What is being asked: What is needed is an exact copy of the lines in the entries below from the one holding "The #13 Giants" through the one holding "flower of Buddha", pictures excluded.

Exercise data:
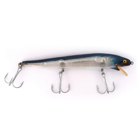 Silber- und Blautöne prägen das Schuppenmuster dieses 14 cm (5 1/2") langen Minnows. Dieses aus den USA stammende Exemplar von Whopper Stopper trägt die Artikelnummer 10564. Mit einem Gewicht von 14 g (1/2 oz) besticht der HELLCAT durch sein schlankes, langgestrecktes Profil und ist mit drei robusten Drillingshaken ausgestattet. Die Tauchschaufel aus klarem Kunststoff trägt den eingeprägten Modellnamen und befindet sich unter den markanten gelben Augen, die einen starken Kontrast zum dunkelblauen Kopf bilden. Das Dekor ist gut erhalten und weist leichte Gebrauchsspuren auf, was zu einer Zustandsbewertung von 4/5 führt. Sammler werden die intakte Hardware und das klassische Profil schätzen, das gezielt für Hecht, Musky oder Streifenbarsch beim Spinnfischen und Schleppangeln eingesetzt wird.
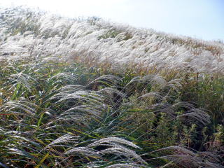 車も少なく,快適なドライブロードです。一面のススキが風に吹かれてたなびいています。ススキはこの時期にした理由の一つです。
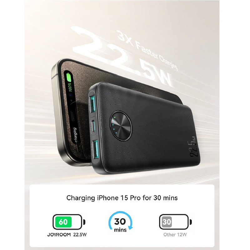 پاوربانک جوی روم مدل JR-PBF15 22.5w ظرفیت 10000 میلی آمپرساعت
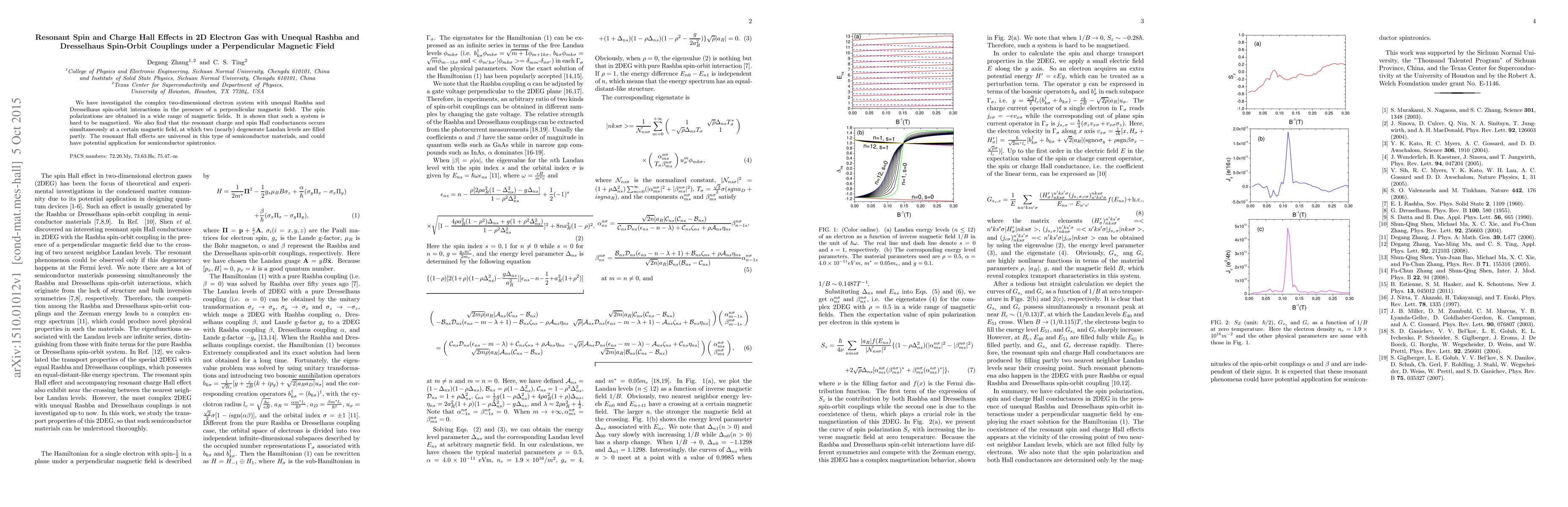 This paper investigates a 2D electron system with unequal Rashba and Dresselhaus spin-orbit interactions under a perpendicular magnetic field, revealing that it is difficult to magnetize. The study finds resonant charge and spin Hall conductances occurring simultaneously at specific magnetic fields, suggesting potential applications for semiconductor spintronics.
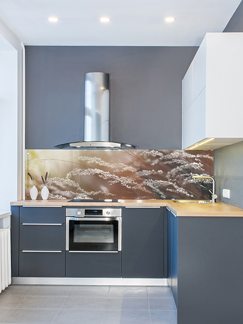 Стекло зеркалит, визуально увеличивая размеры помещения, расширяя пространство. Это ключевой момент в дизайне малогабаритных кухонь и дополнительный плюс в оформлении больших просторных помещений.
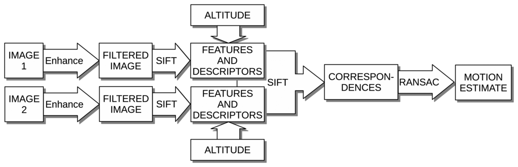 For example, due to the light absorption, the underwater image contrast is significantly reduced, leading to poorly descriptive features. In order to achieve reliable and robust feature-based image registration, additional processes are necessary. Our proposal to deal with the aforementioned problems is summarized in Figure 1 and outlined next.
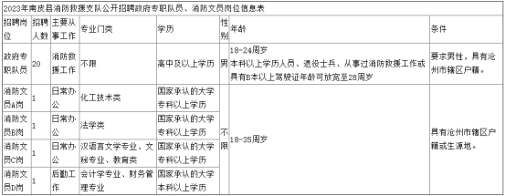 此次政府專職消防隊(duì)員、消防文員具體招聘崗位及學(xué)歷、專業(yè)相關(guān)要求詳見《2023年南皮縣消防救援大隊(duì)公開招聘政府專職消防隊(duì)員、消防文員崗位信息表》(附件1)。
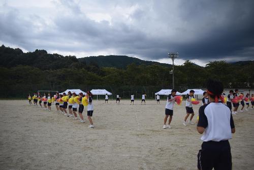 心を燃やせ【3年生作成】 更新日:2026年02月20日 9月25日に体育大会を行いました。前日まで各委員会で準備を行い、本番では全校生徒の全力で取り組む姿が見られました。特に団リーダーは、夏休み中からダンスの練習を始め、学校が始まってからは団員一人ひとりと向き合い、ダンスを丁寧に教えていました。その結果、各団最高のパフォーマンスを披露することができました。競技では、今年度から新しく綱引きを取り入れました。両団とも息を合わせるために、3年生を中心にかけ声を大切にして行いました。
---
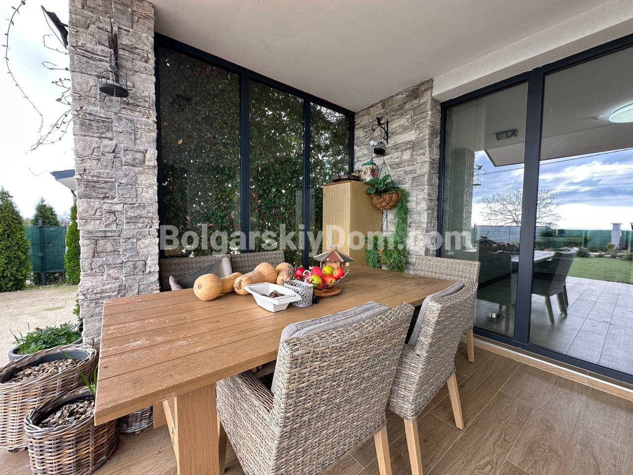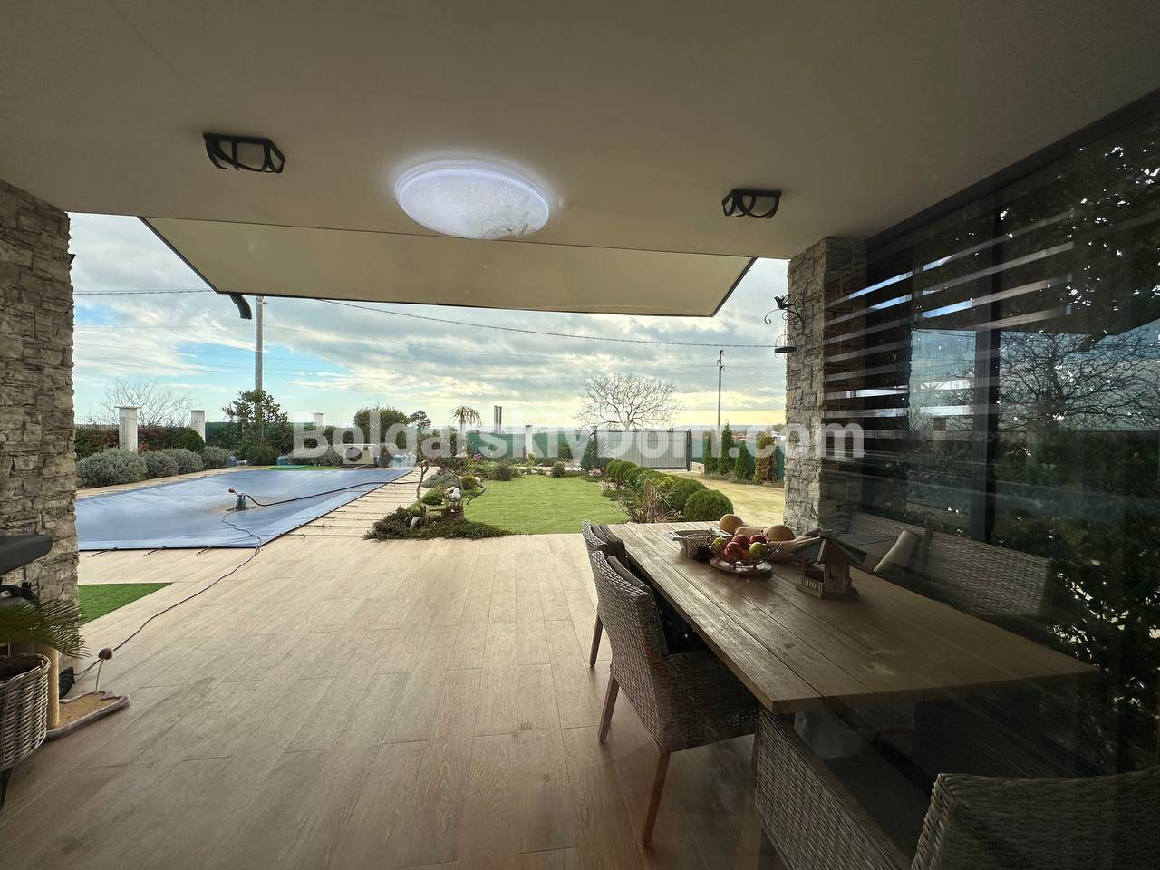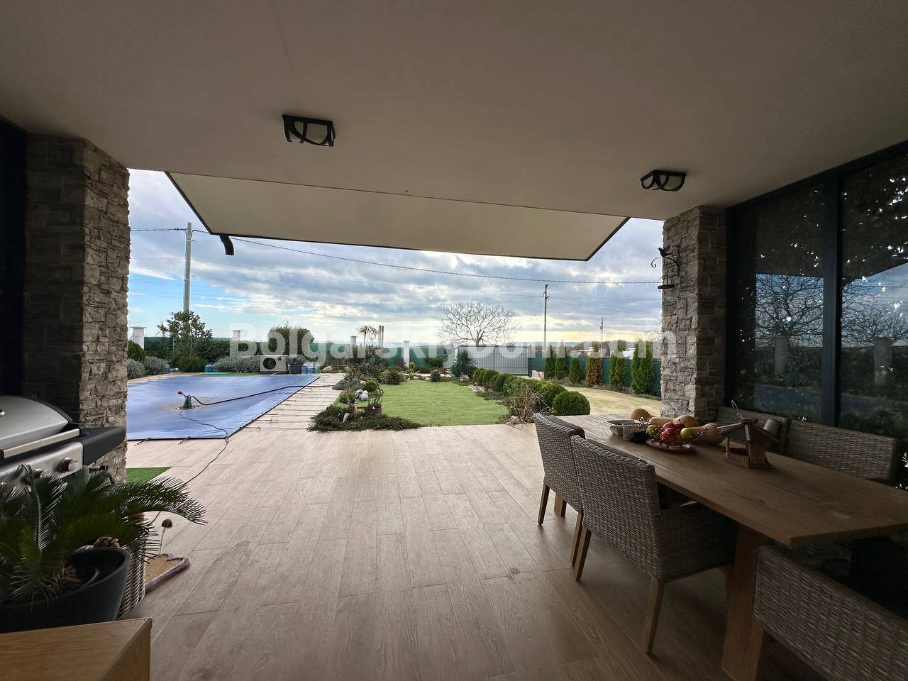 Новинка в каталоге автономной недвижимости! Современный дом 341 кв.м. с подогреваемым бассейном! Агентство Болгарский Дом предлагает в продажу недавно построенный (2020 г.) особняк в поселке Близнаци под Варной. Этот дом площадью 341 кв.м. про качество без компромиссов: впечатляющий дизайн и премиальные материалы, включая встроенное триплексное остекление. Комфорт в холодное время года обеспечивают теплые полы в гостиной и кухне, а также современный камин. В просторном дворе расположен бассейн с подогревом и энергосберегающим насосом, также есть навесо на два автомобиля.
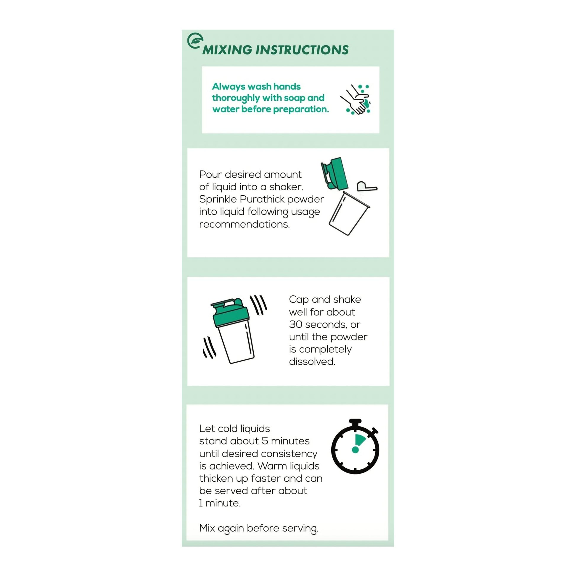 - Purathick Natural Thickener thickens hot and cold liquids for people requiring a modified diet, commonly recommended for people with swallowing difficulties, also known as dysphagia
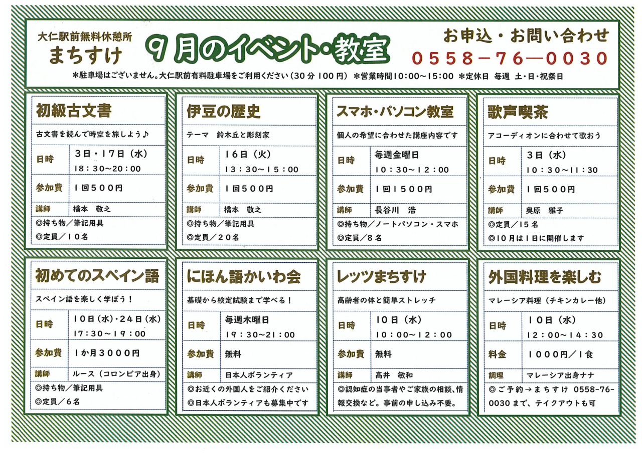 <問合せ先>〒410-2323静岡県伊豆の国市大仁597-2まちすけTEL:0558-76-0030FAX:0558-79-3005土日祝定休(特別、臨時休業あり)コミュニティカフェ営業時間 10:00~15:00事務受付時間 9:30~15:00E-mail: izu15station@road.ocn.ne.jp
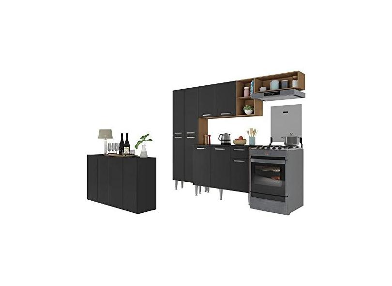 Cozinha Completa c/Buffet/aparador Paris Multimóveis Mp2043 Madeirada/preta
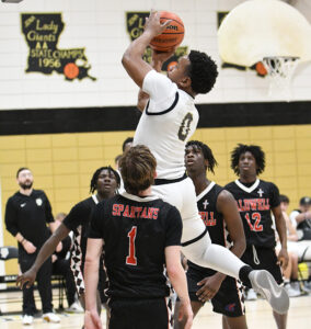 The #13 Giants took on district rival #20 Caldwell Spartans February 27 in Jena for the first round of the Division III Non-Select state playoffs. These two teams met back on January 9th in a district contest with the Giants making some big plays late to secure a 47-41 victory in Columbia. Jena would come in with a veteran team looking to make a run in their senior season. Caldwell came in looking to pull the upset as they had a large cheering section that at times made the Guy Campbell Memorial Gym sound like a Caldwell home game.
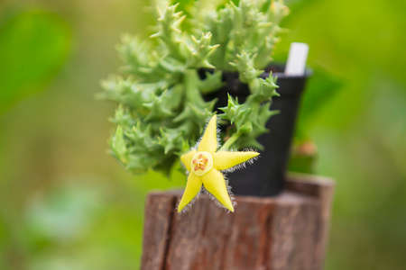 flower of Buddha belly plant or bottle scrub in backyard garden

Result for this exercise:
 The #13 Giants took on district rival #20 Caldwell Spartans February 27 in Jena for the first round of the Division III Non-Select state playoffs. These two teams met back on January 9th in a district contest with the Giants making some big plays late to secure a 47-41 victory in Columbia. Jena would come in with a veteran team looking to make a run in their senior season. Caldwell came in looking to pull the upset as they had a large cheering section that at times made the Guy Campbell Memorial Gym sound like a Caldwell home game.
 flower of Buddha belly plant or bottle scrub in backyard garden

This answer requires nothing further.